• Directions for this task: Give back all of the data exactly as it stands, with the pictures removed.

• The data:
------

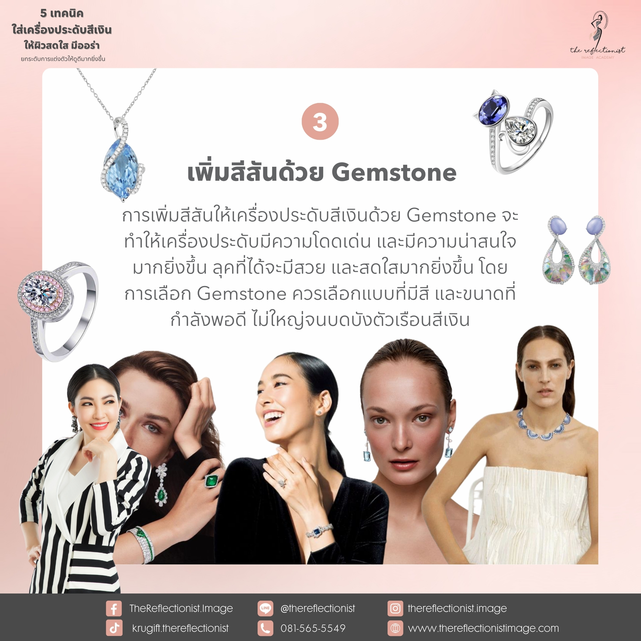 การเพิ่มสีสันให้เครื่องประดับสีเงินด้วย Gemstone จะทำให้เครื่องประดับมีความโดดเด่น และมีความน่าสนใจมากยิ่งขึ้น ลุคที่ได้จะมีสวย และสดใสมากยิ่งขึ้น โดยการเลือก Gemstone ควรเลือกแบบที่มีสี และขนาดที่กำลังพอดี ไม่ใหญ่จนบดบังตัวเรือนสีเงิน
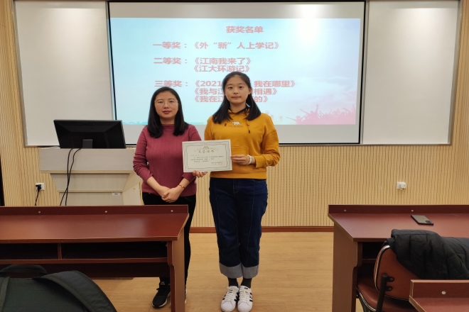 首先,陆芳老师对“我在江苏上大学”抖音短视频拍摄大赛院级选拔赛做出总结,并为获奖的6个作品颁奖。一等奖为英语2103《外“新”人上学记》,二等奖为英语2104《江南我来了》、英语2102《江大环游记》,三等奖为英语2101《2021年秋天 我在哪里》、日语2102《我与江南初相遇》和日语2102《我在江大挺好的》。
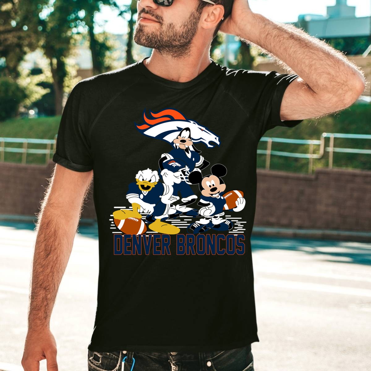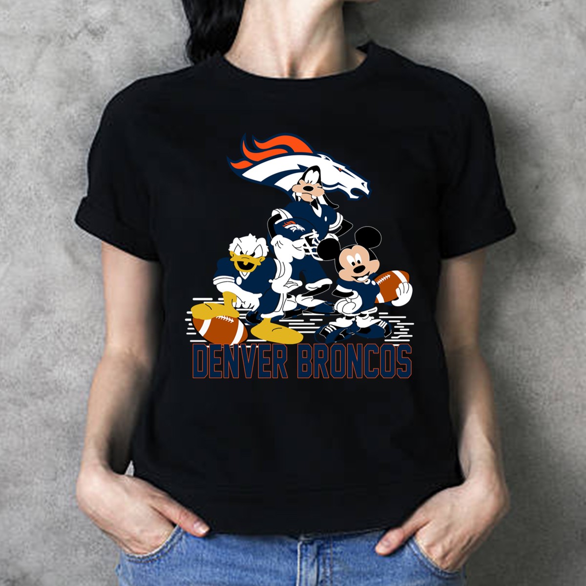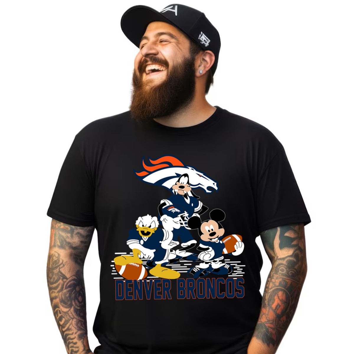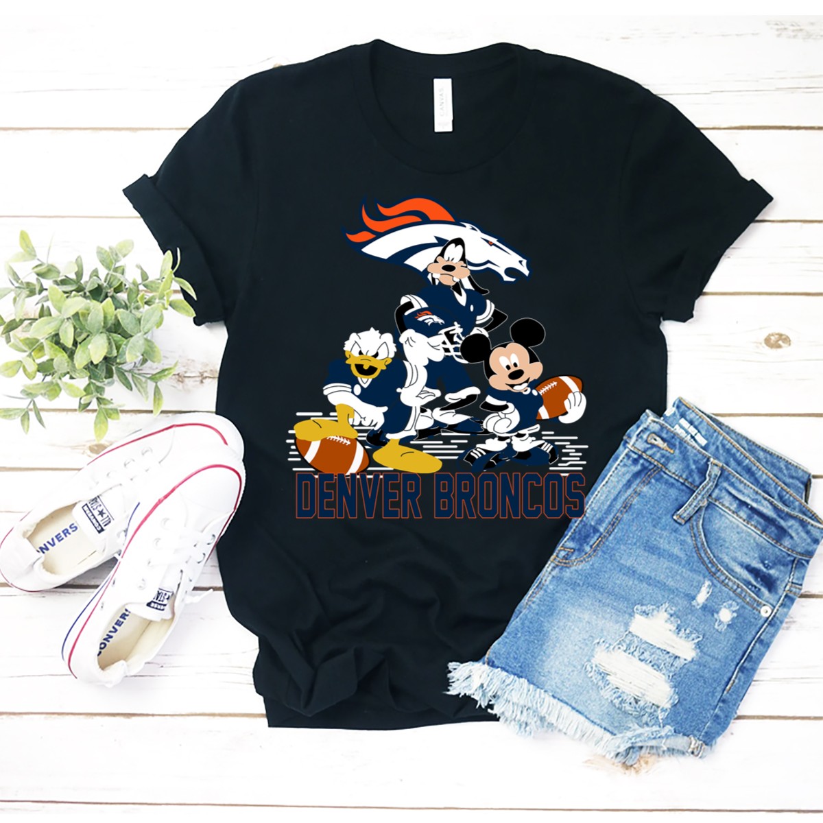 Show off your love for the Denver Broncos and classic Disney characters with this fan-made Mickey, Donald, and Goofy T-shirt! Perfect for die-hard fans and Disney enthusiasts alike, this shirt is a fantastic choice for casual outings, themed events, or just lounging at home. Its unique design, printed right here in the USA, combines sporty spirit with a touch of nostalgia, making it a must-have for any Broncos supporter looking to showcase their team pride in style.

------

• Exercise response:
 การเพิ่มสีสันให้เครื่องประดับสีเงินด้วย Gemstone จะทำให้เครื่องประดับมีความโดดเด่น และมีความน่าสนใจมากยิ่งขึ้น ลุคที่ได้จะมีสวย และสดใสมากยิ่งขึ้น โดยการเลือก Gemstone ควรเลือกแบบที่มีสี และขนาดที่กำลังพอดี ไม่ใหญ่จนบดบังตัวเรือนสีเงิน
 首先,陆芳老师对“我在江苏上大学”抖音短视频拍摄大赛院级选拔赛做出总结,并为获奖的6个作品颁奖。一等奖为英语2103《外“新”人上学记》,二等奖为英语2104《江南我来了》、英语2102《江大环游记》,三等奖为英语2101《2021年秋天 我在哪里》、日语2102《我与江南初相遇》和日语2102《我在江大挺好的》。
 Show off your love for the Denver Broncos and classic Disney characters with this fan-made Mickey, Donald, and Goofy T-shirt! Perfect for die-hard fans and Disney enthusiasts alike, this shirt is a fantastic choice for casual outings, themed events, or just lounging at home. Its unique design, printed right here in the USA, combines sporty spirit with a touch of nostalgia, making it a must-have for any Broncos supporter looking to showcase their team pride in style.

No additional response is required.